So I took matters into my own hands--because I love having tools--and wrote my own replacement called netfeline. It got the job done for me at work, but it had just one problem: it is private to Microsoft, so I can't share it with anyone. And I'm not sure I'd want to; it's not my best work by a long shot. Now we arrive at April 2023 and I'm trying to get better at Rust and finally got the itch to rewrite netcat as an open source project.

Early Choices

Right from the beginning I knew I wanted to try using Rust's async/await functionality, but the current state of async programming in Rust is a bit weird. The language and compiler have support for certain keywords like async, but there's no standard library that provides an async runtime, which is needed to actually execute asynchronous tasks. The Rust async book has a good chapter on the state of the ecosystem.

So I started by using Tokio, a popular async runtime. The docs and samples helped me get a simple outbound TCP connection working. The Rust async book also had a lot of good explanations, both practical and digging into the details of what a runtime does.

When I work on projects, I like to add breadth first before depth.
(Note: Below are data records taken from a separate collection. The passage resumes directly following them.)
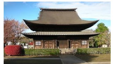
国宝 正福寺千体地藏堂
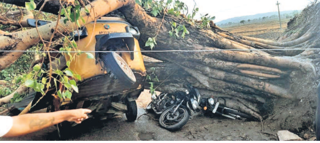
నిజామాబాద్ జిల్లా రుద్రూర్ మండలం అంబం రోడ్డులో అటో, ట్రిసైక్ల వాహనాలపై పడిన భార వృక్షం
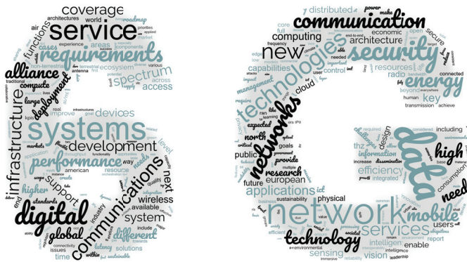
Abbildung 1.2: Wortwolke der drei White Paper aus China [42], der USA [47] und Europa [51].

lungen der physikalischen Schicht ergibt sich ein erheblicher Forschungsbedarf in den höheren Schichten, wie beispielsweise rund um den Themenblock der Netzwerktechnik, wie den Entwurf von Netzwerken von Netzwerken, also sub-Netzwerken oder Campusnetze, um auch hier nur ein paar Stellvertreter zu nennen. Der Fokus der vorliegenden Arbeit liegt jedoch ausschließlich auf der untersten, der physikalischen Schicht und umfasst neben der Kommunikationstechnik ebenso die Radartechnik. Gleichzeitig wird der mmWellen-Funkkanal adressiert, die Antennentechnologie thematisiert und darauf basierend die Qualität des Radars als auch der Kommunikation unter Diskussion der geteilten Wellenform des zukünftigen JCRS-Systems evaluiert. Der Systementwurf fokussiert sich dabei auf kombinierte Kommunikations- und Radarsysteme für den Automobilbereich.
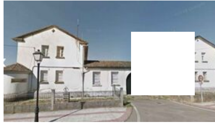
Los 12 cuarteles que la Guardia Civil ha puesto a la venta en su 'portal inmobiliario'
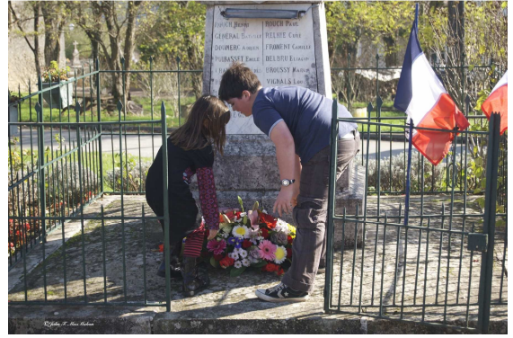
COMMEMORATION 11 novembre 2011
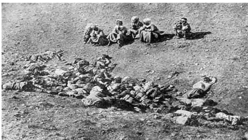
Мирное турецкое население, вырезанное кинжалами и убитое огневым оружием армянскими террористами в ущелье Мерсани. 23 июля 1915

I want to stretch the code as broadly as it needs to go and see minimal functionality across all the features I want before I polish them. I find this helps me sort out all the structural questions I have. As I'll describe, I had to do a lot of stretching and restructuring throughout this project.

To start with, I got a TCP client and server and UDP listener and sender all minimally working. This set up the code to handle four major, simple scenarios: TCP/UDP and listener/sender, all of which have slightly different ways to work with them.

Wrestling with user input

The Tokio library I am using also provides wrappers for stdin and stdout. Unfortunately I found that this didn't work well for me. From Tokio's stdin docs:

This handle is best used for non-interactive uses, such as when a file is piped into the application. For technical reasons, stdin is implemented by using an ordinary blocking read on a separate thread, and it is impossible to cancel that read. This can make shutdown of the runtime hang until the user presses enter.
For interactive uses, it is recommended to spawn a thread dedicated to user input and use blocking IO directly in that thread.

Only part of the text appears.